January 21st
Today I learned an alternative proof of Wilson's theorem, from group actions. The main result is something called the $p$-group fixed point theorem, from here . Namely, if a finite $p$-group $G$ acts on a set $X$ then the set of fixed points $X^G$ satisfies\[|X|\equiv\left|X^G\right|\pmod p.\]This follows directly from the class equation. Quickly, for $x\in G,$ we can biject cosets in $G/\op{Stab}_x$ with elements in the orbit $Gx$ (explicitly, $g\op{Stab}_x\mapsto gx$), we see that\[|X|=\sum_{\text{orbits }Gx}|Gx|=\sum_{\text{orbits }Gx}[G:\op{Stab}_x]=\sum_{\text{orbits }Gx}\frac{|G|}{|\op{Stab}_x|}.\]Now, $|\op{Stab}_x|$ divides $|G|$ and is therefore a power of $p,$ so $|G|/|\op{Stab}_x|$ is as well. So this is divisible by $p$ unless it is equal to $1,$ in which case $|Gx|=1$ exactly describes $x\in X^G,$ so $1\cdot\left|X^G\right|$ exactly measures the perturbations$\pmod p.$
Anyways, let's kill Wilson's theorem with our new black magic. We need to talk about $(p-1)!\pmod p,$ so we would like to make a set $X$ with size $(p-1)!.$ We can get a $p!$ by taking permutations of $\FF_p,$ but to get down to $(p-1)!,$ we need to divide out that factor of $p.$ The way we do this is by identifying the permutations\[(a_1,\ldots,a_p)\sim(a_1+k,\ldots,a_p+k)\]for any $(a_1,\ldots,a_p)\in S_p$ and $k\in\FF_p.$ Here the notation $(a_1,\ldots,a_p)$ denotes the permutation $n\mapsto a_n.$ So we define\[X=S_p/\sim,\]where $\sim$ is defined as above. One way to look at this is as fixing the last element: there is exactly one $k$ which will take $a_p=0,$ for example. However, we would like to make a $p$-group act on this thing, so having $p$-tuples makes it natural to make $G:=\ZZ/p\ZZ$ act on $X$ by shifts, like\[[n]_p\cdot(a_1,\ldots,a_p)=(a_{1+n},\ldots,a_{p+n}),\]where indices are taken$\pmod p.$
It remains to compute the number of fixed points of this action.
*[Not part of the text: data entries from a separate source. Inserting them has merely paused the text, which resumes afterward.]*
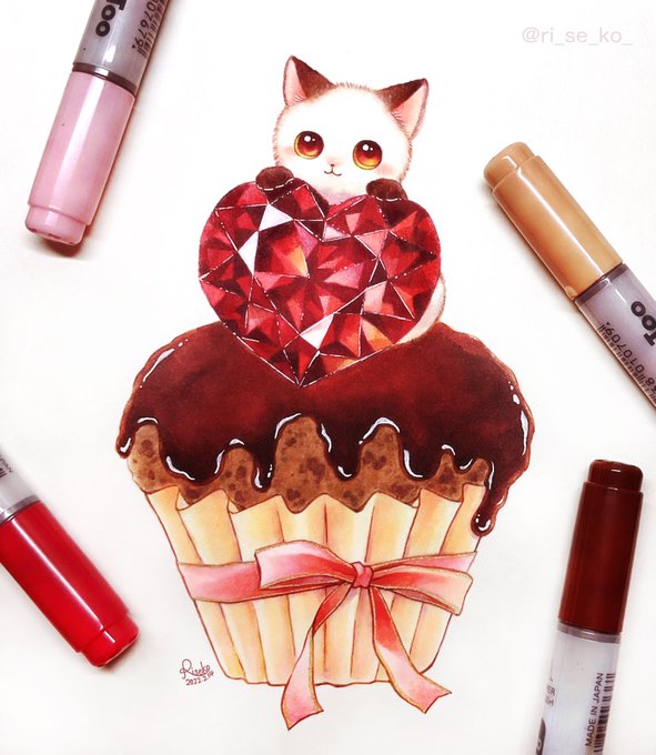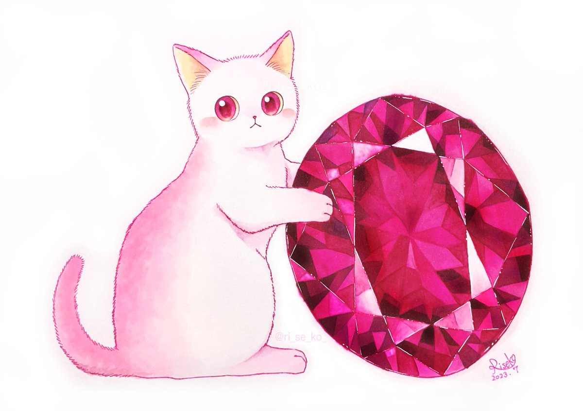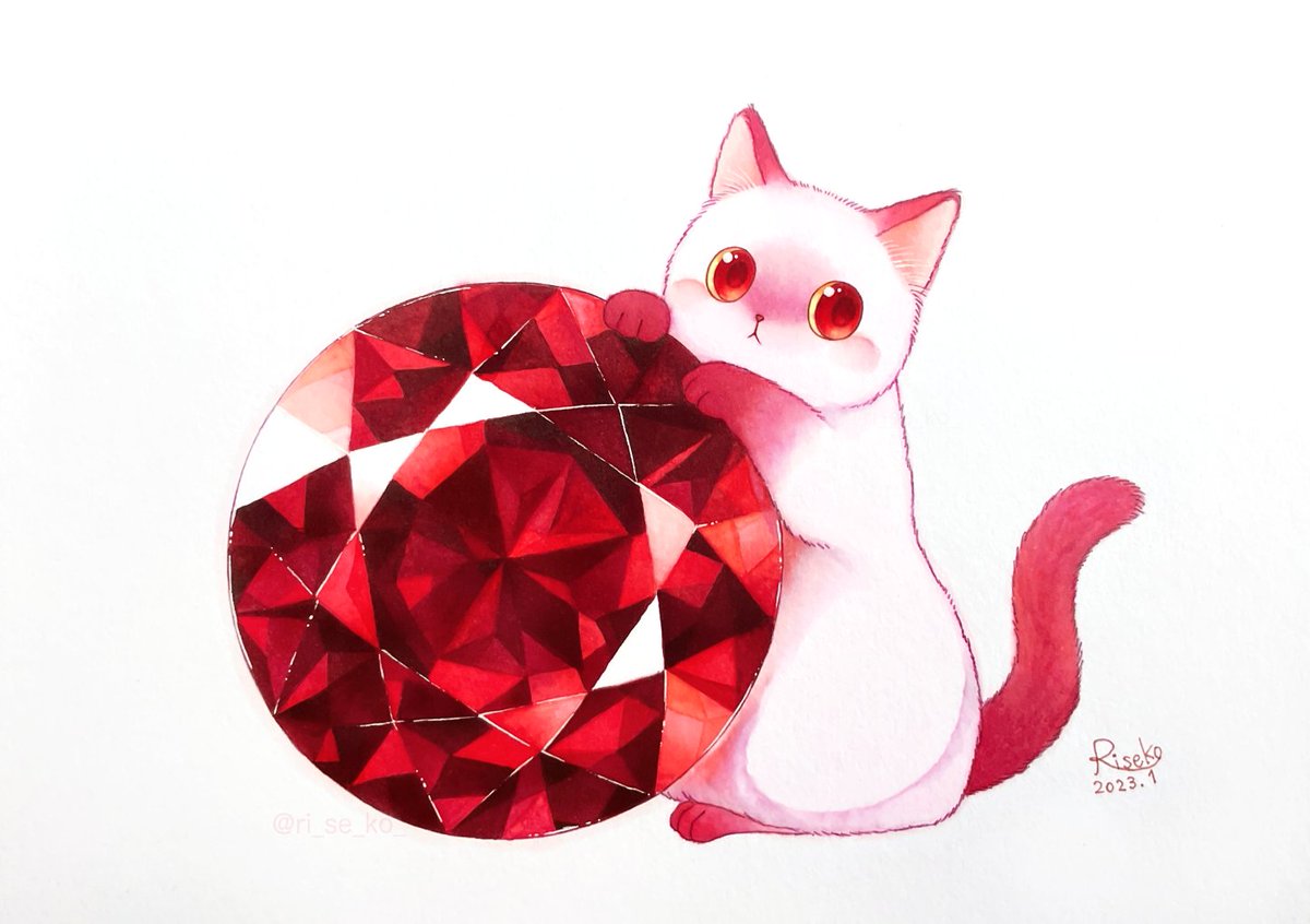 『猫と誕生石💎』 7月 ルビー #コピック #アナログイラスト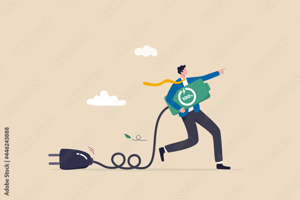 Behang Full recharge energize, motivation to success in work, productive and efficiency, aspiration or enthusiastic concept, motivated businessman carry fully charged battery ready to fight for success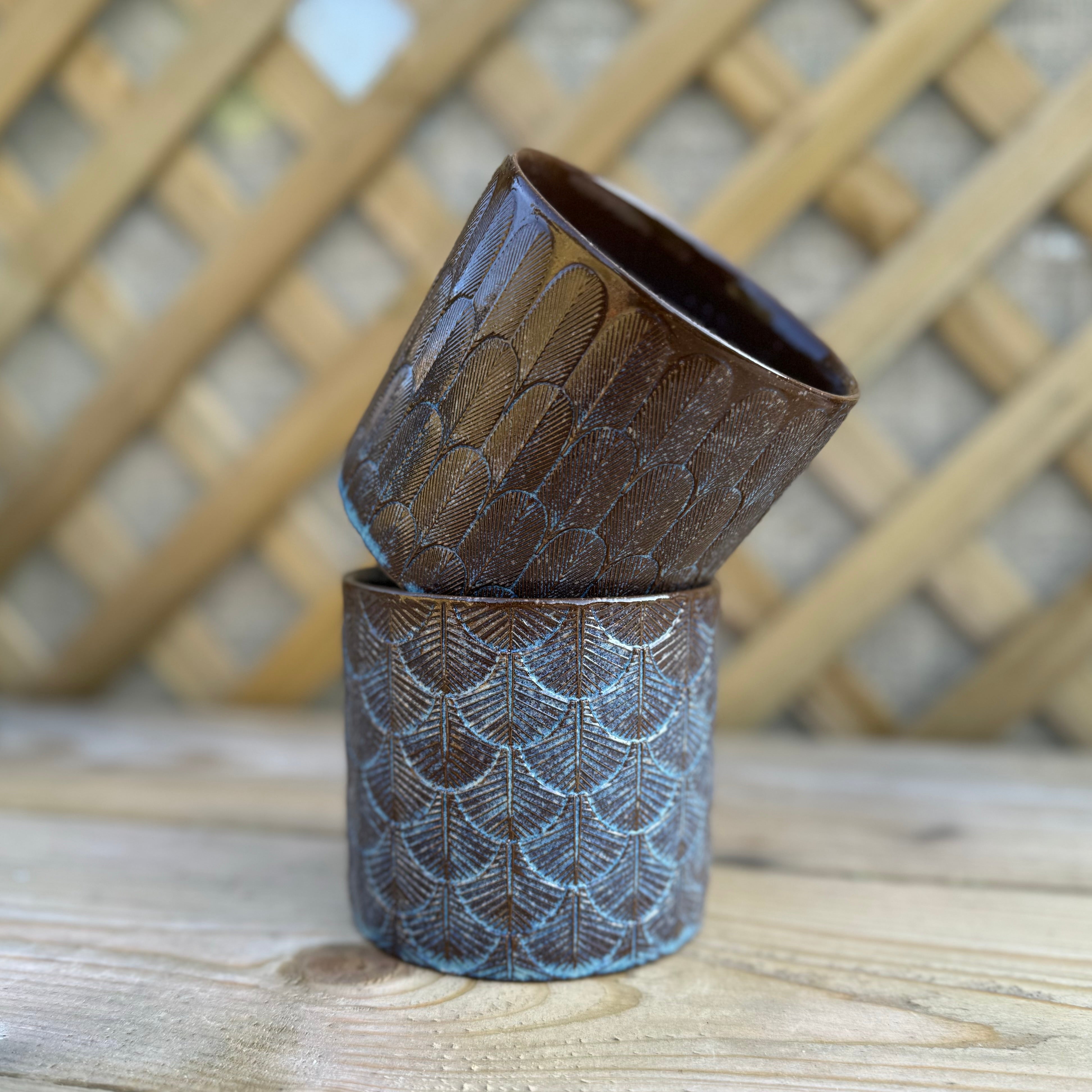 Beautiful blue ceramic pots, made from brown clay with blue glaze. A perfectly finished pot with a natural rustic finish.

Well, a permutation will be fixed as long as\[(a_1,\ldots,a_p)\sim(a_{1+n},\ldots,a_{p+n})\]for each $n\in\ZZ/p\ZZ.$ In fact, because $\ZZ/p\ZZ$ is cyclic, it really suffices to check $n=1,$ so we need a constant $k$ such that\[(a_1,\ldots,a_p)=(a_2+k,\ldots,a_1+k,a_p+k).\]That is, we need $a_\bullet\equiv a_{\bullet+1}+k\pmod p.$ To count the number of such tuples, we note that all tuples are equivalent to one with $a_1=0$ (explicitly, $k=-a_1$), in which case these look like $(0,k,2k,\ldots,(p-1)k).$ Because these tuples need to contain distinct elements, there are only $p-1$ options for $k.$ (All of these work because multiplication by $k$ is a bijection.) Thus, we have $\left|X^G\right|=p-1$ fixed points, which implies\[(p-1)!\equiv(p-1)\equiv-1\pmod p.\]This is Wilson's theorem, so we are done here.